А на каком? Фаня везде говорит на еврейском языке. Она знает, конечно, и литовский, а польский даже лучше. Но русский у нее хуже, она не очень старается.

Фане 93. Мы переписываемся, делимся друг с другом. Я спрашиваю, как у нее с ногами. А она пишет: «Встаю утром и думаю, какую кофточку надеть, белую или зеленую. Надеваю белую и иду».

Вы очень подробно описываете быт в гетто. К своему стыду, я не задумывалась о том, как все было устроено, — понятно, что страшно и тяжело, но как? Были ли, например, бани в гетто?

Обязательно. В гетто как раз все санитарные нормы соблюдали, была даже санитарная полиция, местная, еврейская. Они приходили, проверяли, чисто ли, вымыто ли под кроватью. А без справки, что ты был в бане, не давали хлебные карточки. Хлеб это, конечно, был относительный.

Маша РольникайтеФото: Оксана Юшко для ТД

У вас в дневнике часто встречается страшное слово «акция».

Я не могу его слышать. Теперь акция – это когда продукты в магазине дешевле стоят. А у нас акции — это были массовые расстрелы, когда людей увозили в Понары и там убивали.

Когда в Вильнюсе проходил суд над пойманным в Австрии гебитскомиссаром Францем Мурером, главным палачом гетто, отец вас не пустил на суд. Вы об этом не жалеете?

Нет. Потом я поняла, что папа берег мои нервы. Кстати, в продолжении моего дневника есть история про второй суд над Мурером. Его же в Вильнюсе осудили на 25 лет, а потом, перед визитом Хрущева в Австрию, вместе с другими австрийскими преступниками, сидевшими у нас, передали Австрии, и там их скоро выпустили на свободу. Мурер был очень богат и спокойно жил себе в Граце. И вот, в 1961 году в Иерусалиме происходит суд над Эйхманом. И в качестве одного из свидетелей выступает Дворжецкий, доктор из гетто, который говорит в основном о Мурере. Австрийцы не могли не отреагировать, и Мурера задержали. Об этом писали и говорили все, даже по нашему радио, и я не нашла ничего лучше, чем написать главному прокурору СССР Руденко. Я писала, что готова поехать на суд и свидетельствовать, что это не месть. Очень долго ждала ответа и дождалась казенной открытки: «Ваша жалоба передана в прокуратуру Литовской ССР, откуда вы получите ответ». Жалоба! Конечно, я ничего не получила. И ладно,  в Австрии потом вышла книжка об этом, и в послесловии автор подробно описывает этот второй процесс. В зале суда были сплошь сторонники обвиняемого, они передразнивали свидетелей, один из которых приехал с ножом, — Мурер на его глазах убил его шестилетнего сына, но, конечно, нож отняли и вывели свидетеля из зала. А одна женщина, израильтянка, расплакалась. Судья призвал ее к порядку, а она извинялась: «Он застрелил мою сестру. Мы стояли в обнимку, и кровь сестры текла по моим ногам». И все равно Мурера оправдали.
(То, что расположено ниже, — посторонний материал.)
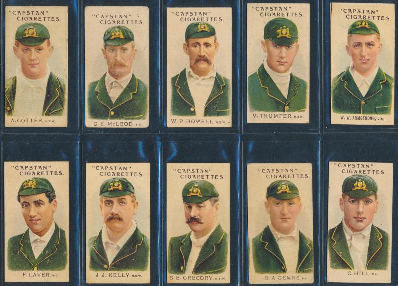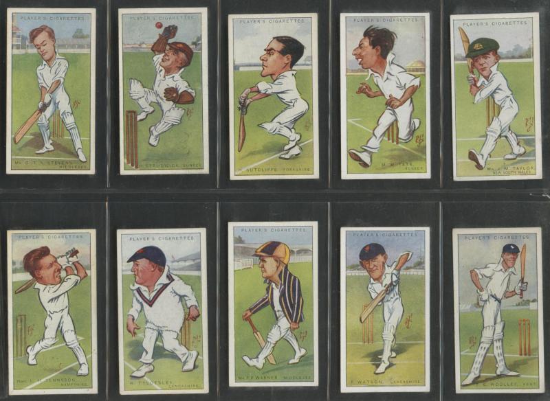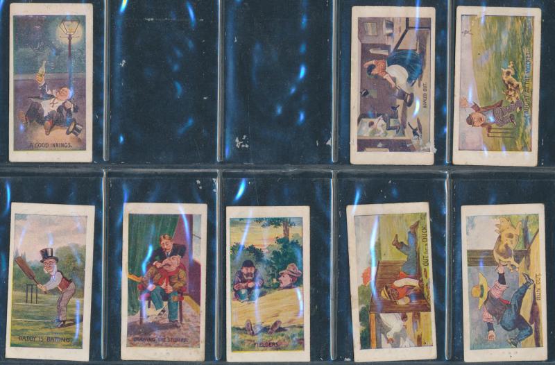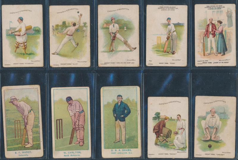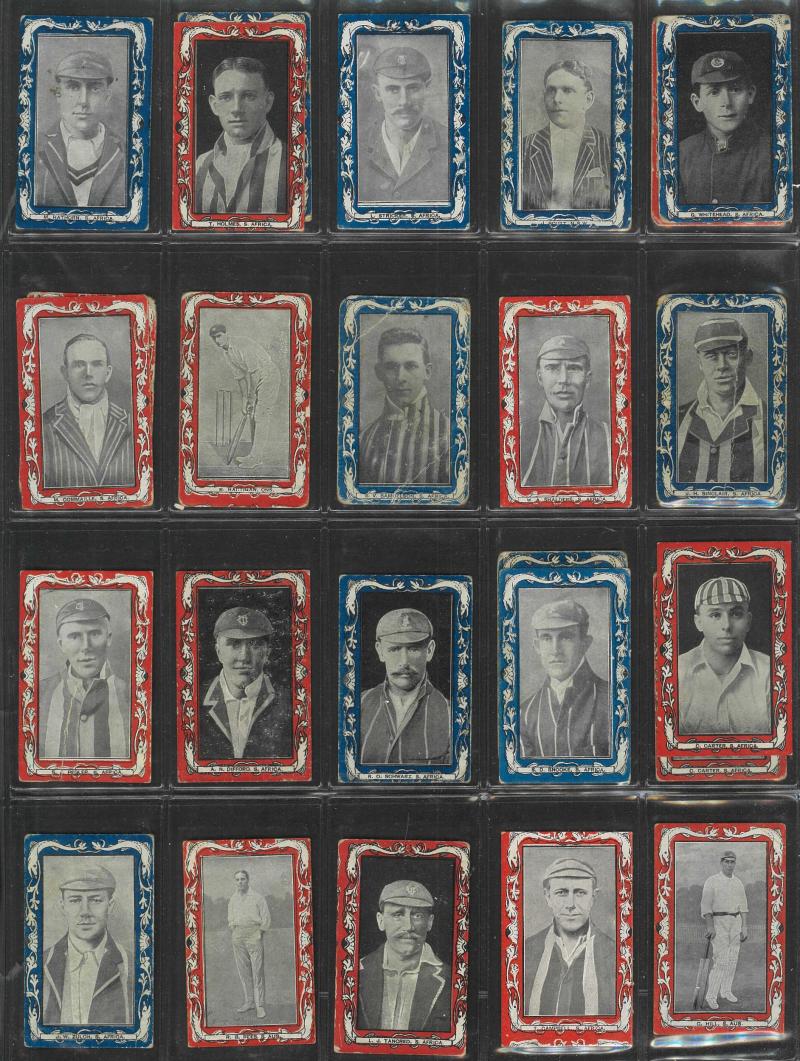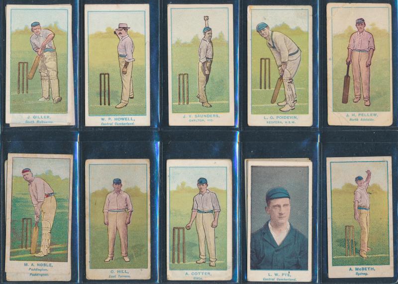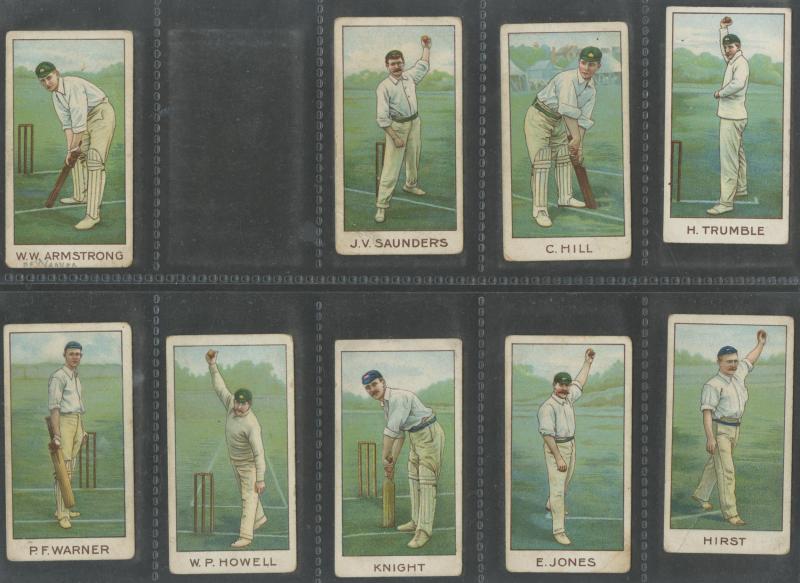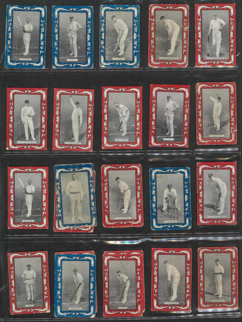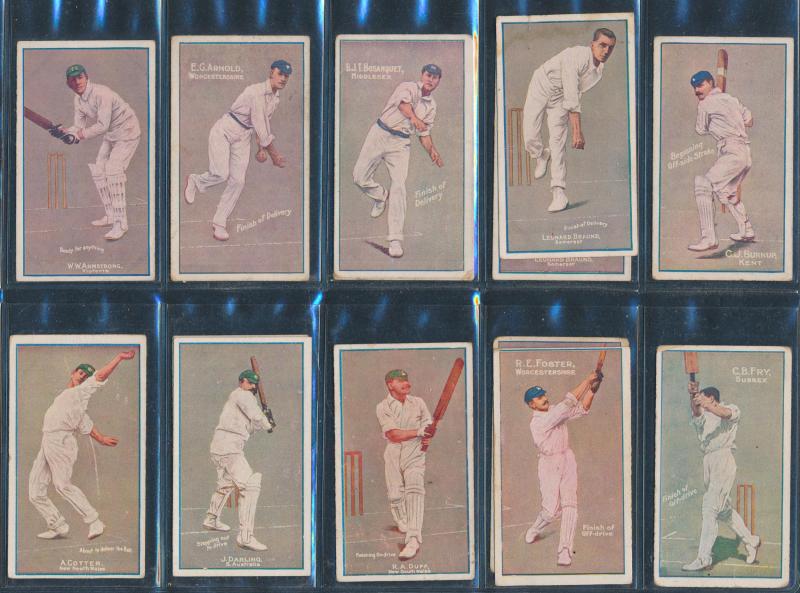 'Australian Cricket Team' [15]; 1905 'Cricket Terms' (13); 1906 'Cricketers in Action' [40], mainly Poor/Fine. Inspection will reward.
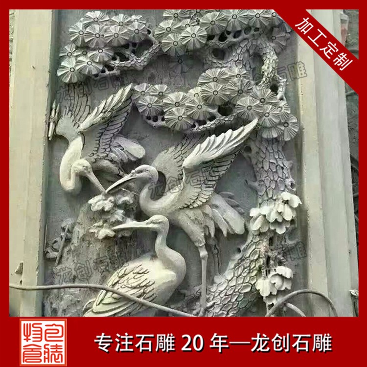 而想要非常明顯的凹凸感、立體感,就可以選擇高浮雕手法的松鶴延年浮雕照壁。這種浮雕具有很強(qiáng)烈的層次感和空間立體感,我們可以非常直觀的感受到它的浮雕樣式。雕刻出來(lái)的松鶴延年圖案,也讓人感到非常美觀。
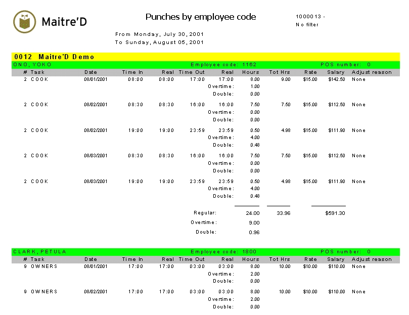 Maitre'D punches by employee code report gives information on all the punches that were done for specific period of time. This report is sorted by employee code from the POS Control module. This report shows detailed information such as the regular hours, overtime, and double hours worked for each employee. You also get information on their hourly rate and paid salary. From the report filter window, select the date or date range and the employee(s) to be included in the report.
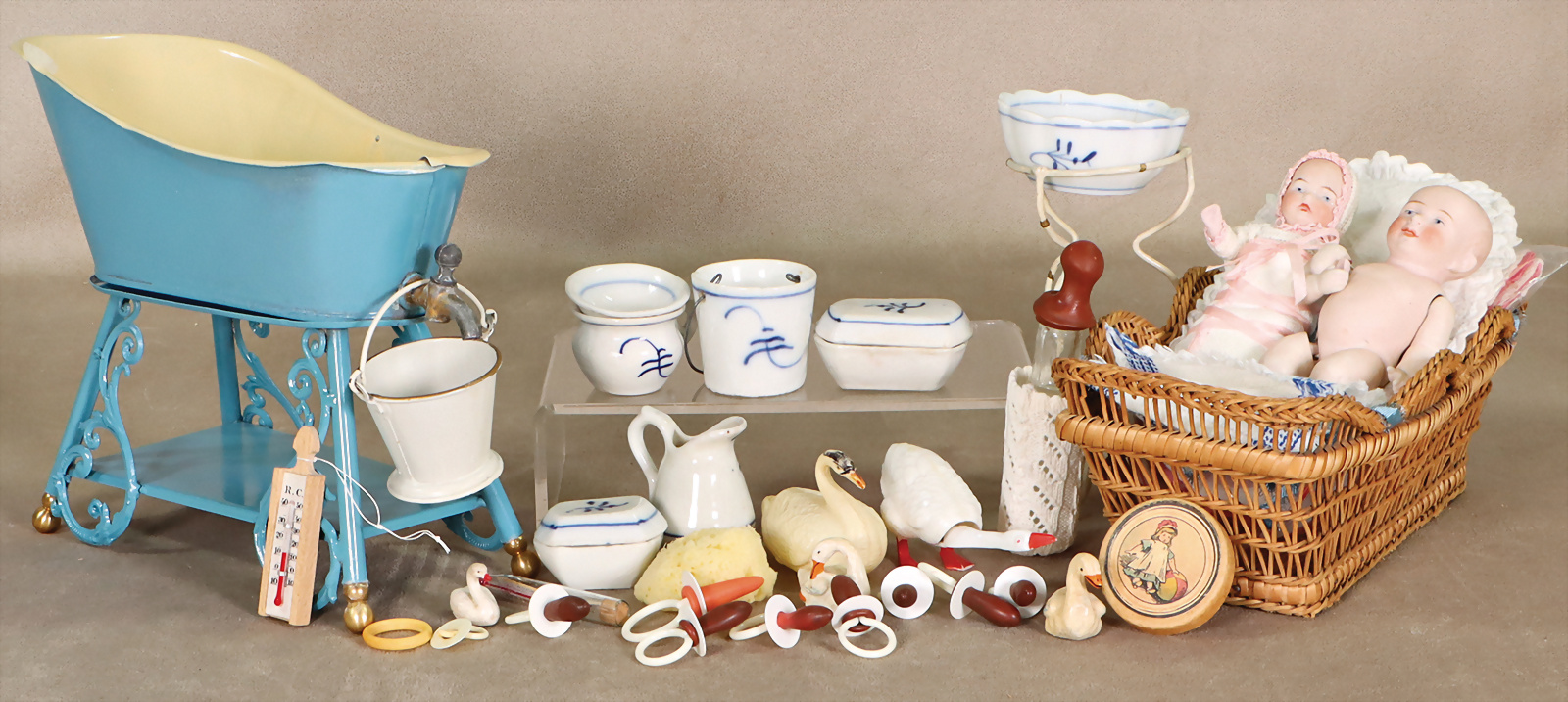 Puppenstuben-Badewanne, farblich überarbeitet, kleiner Hans, Porzellan-Puppe, Gummis locker, Kleinteile

Фото: Марк Марков-Гринберг/ТАСС
Польша. Нацистский концентрационный лагерь Штуттгоф, печь крематория. 1945 год

Из-за того, что его повторно судили за то же самое преступление?

Да. Из зала суда он отправился отмечать победу. Писали, что один американец в Вене в тот день пытался купить жене цветы, но не смог, потому что все скупили поклонники Мурера. Автор в этом послесловии пишет: «Я думал, мы другие».
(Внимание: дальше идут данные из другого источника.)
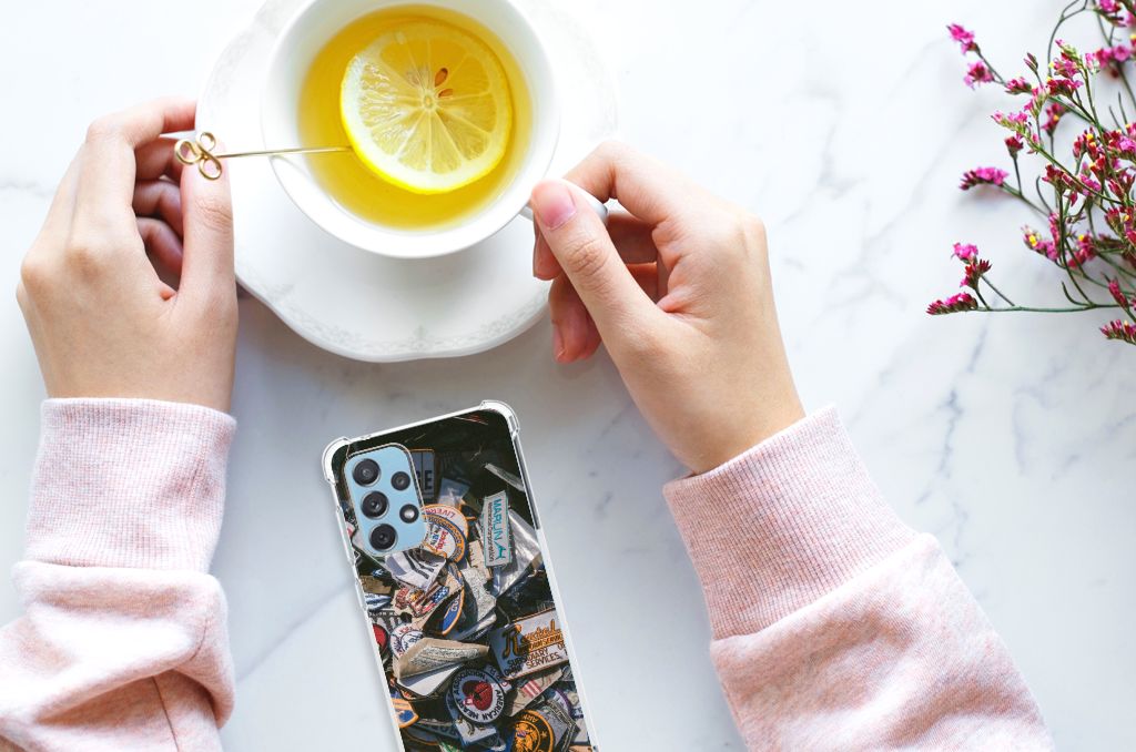 Ben je op zoek naar een uniek telefoonhoesje voor je Samsung Galaxy A73? Dan ben je bij B2C Telecom aan het juiste adres! Speciaal voor jou hebben we dit prachtige Badges design in onze collectie hoesjes opgenomen. Het design wordt bedrukt op een Anti-shock Hoesje met foto en is gemaakt van flexibel rubber. Het hoesje is perfect voor de actieve smartphonegebruiker door de opstaande randen/hoeken. Denk aan mensen die veel sporten, reizen of wandelen en net iets meer zekerheid willen als het op hun geliefde telefoon aankomt. Het design wordt alleen aan de bovenkant van het hoesje bedrukt en de randen blijven transparant. Aan de zijkanten zijn uitsparingen gemaakt waardoor je met gemak alle knoppen en poorten kunt bedienen. Wij adviseren om dit hoesje in combinatie met een screenprotector te gebruiken voor een langere levensduur van je telefoon. Wil je dit hoesje nog iets extra's geven? Voeg dan gratis je naam of een quote toe! Is dit design hoesje toch niet helemaal wat je zocht? Ontwerp dan zelf een hoesje in ons ontwerpprogramma.
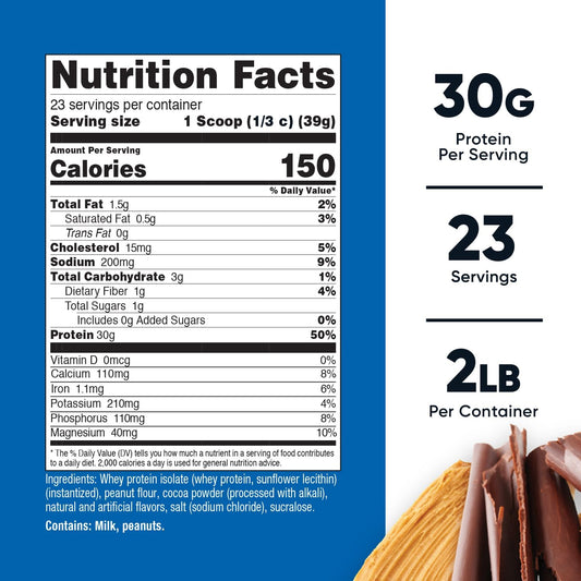 Chocolate Peanut Butter Whey Protein Powder - Low Calorie Isolate, Non-GMO, Lactose-Free, Sugar-Free - Grass Fed (60 Servings)

Я тоже думала, что мы другие, еще года три назад. А сегодня нам убедительно демонстрируют, как легко превратить людей в зверей.
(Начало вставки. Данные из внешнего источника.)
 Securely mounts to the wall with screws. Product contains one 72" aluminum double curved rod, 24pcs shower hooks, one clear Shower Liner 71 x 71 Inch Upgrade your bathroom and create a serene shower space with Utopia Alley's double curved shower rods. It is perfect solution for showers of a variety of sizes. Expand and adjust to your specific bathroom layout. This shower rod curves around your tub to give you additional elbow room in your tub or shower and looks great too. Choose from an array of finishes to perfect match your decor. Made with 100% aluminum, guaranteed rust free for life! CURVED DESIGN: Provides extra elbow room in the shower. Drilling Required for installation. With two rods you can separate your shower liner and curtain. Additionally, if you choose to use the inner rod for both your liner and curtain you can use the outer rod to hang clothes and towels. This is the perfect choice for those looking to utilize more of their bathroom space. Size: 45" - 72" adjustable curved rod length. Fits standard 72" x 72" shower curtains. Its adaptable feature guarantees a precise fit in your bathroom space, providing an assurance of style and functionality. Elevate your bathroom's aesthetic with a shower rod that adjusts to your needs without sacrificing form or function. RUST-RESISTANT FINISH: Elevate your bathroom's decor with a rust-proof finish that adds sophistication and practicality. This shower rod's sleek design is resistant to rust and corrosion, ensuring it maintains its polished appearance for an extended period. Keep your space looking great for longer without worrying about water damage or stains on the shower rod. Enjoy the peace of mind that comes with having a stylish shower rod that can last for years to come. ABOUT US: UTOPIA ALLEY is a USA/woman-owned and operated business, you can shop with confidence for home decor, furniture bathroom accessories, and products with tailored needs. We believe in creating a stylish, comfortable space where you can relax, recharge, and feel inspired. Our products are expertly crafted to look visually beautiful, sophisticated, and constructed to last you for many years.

Кто не хочет, того не превратят.

Но нет ли у вас ощущения, что все повторяется, — не конкретные ужасы гетто, а сама эта атмосфера страха?

Конечно есть. Я больше всего на свете терпеть не могу ненависть. И я недавно выступала в школе и говорила о том, как ненависть уродует людей. Но что я могу поделать. Если даже знакомая еврейская женщина в Питере, когда я ей заметила, что не знала о ремонте Дворцового моста, — я сейчас редко выхожу из дома, — могла сказать: «Вы копошитесь в своем Холокосте, где же вам знать!»